# Supplied material
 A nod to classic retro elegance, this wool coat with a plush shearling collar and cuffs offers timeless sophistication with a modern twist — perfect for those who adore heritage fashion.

---

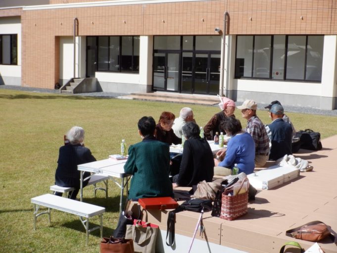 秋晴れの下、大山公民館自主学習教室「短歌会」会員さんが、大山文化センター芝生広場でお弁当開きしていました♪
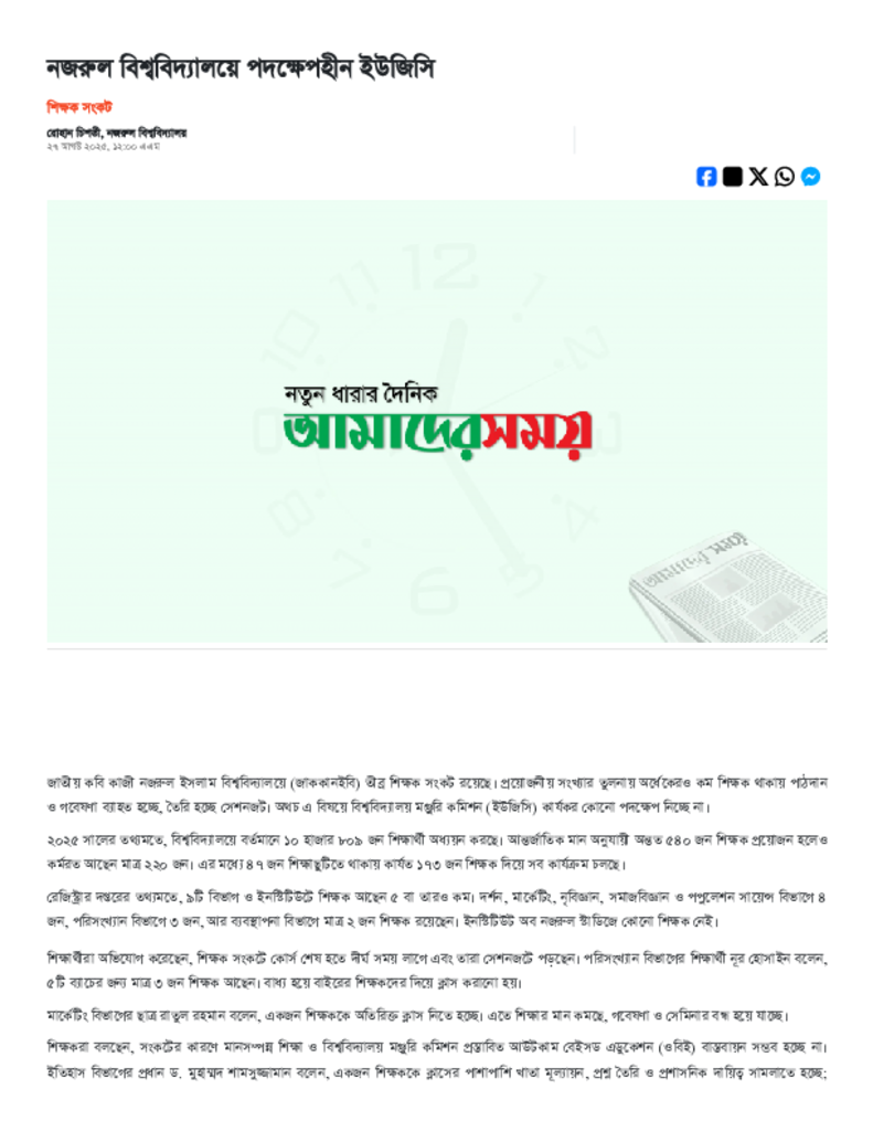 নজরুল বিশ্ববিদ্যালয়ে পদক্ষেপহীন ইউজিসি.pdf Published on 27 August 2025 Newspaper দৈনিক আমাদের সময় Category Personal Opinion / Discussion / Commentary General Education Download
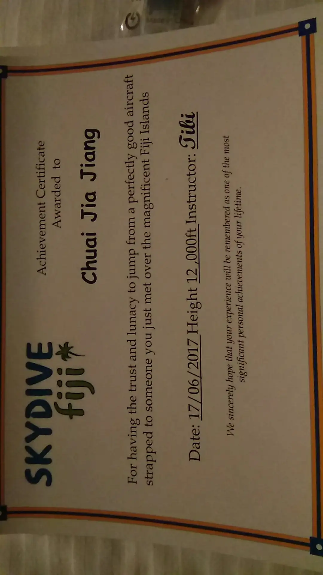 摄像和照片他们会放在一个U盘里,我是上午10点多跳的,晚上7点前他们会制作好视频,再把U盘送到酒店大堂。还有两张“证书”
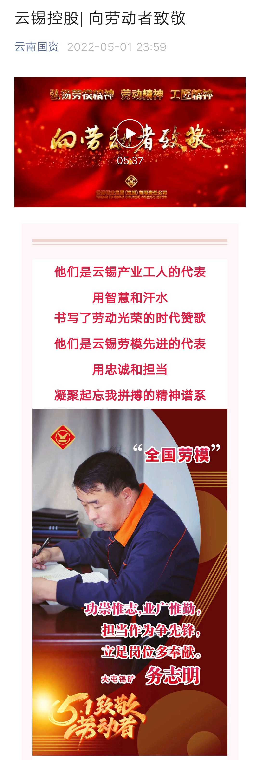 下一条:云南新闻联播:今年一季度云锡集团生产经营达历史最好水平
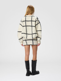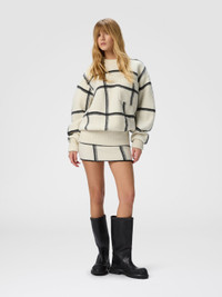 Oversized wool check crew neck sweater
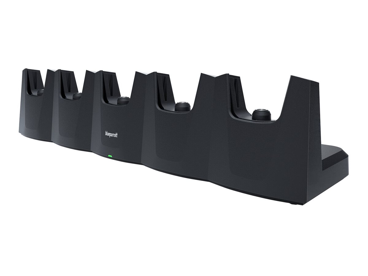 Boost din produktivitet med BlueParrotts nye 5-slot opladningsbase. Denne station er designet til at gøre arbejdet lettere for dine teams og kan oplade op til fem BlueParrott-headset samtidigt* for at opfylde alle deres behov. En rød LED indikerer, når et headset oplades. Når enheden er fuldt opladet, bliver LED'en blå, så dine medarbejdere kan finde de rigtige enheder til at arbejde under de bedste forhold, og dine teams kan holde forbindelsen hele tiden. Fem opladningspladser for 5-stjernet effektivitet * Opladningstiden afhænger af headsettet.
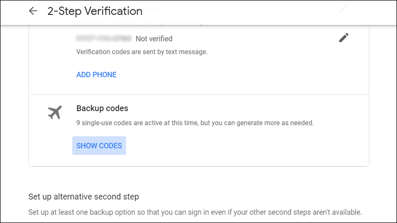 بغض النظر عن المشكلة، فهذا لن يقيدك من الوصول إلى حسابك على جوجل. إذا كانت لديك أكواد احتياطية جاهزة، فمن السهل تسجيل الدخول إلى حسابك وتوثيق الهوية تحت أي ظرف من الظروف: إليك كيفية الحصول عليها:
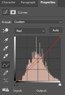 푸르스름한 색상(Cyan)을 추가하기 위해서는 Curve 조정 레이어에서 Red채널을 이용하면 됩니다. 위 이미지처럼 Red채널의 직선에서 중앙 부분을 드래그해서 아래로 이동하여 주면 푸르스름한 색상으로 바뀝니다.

# Assignment
From the records above, transcribe only the stretch from the line with "নজরুল বিশ্ববিদ্যালয়ে পদক্ষেপহীন" through the line with "Oversized wool check crew neck sweater", keeping both ends. Omit pictures.

# Answer space
 নজরুল বিশ্ববিদ্যালয়ে পদক্ষেপহীন ইউজিসি.pdf Published on 27 August 2025 Newspaper দৈনিক আমাদের সময় Category Personal Opinion / Discussion / Commentary General Education Download
 摄像和照片他们会放在一个U盘里,我是上午10点多跳的,晚上7点前他们会制作好视频,再把U盘送到酒店大堂。还有两张“证书”
 下一条:云南新闻联播:今年一季度云锡集团生产经营达历史最好水平
 Oversized wool check crew neck sweater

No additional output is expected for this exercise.